• [DIRECTIONS] The response must consist of each line in the listing that has the word "Bourgogne" in it.

• [LISTED ENTRIES]
=-=-=

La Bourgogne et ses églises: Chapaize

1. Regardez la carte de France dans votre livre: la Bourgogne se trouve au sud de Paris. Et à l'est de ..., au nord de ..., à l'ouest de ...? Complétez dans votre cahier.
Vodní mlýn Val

=-=-=

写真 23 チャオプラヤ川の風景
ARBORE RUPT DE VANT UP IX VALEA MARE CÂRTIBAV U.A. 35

=-=-=

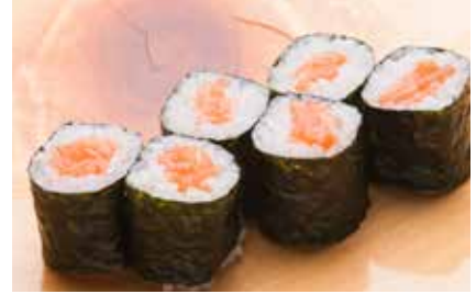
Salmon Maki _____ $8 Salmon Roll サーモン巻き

=-=-=

• [ANSWER]
La Bourgogne et ses églises: Chapaize
1. Regardez la carte de France dans votre livre: la Bourgogne se trouve au sud de Paris. Et à l'est de ..., au nord de ..., à l'ouest de ...? Complétez dans votre cahier.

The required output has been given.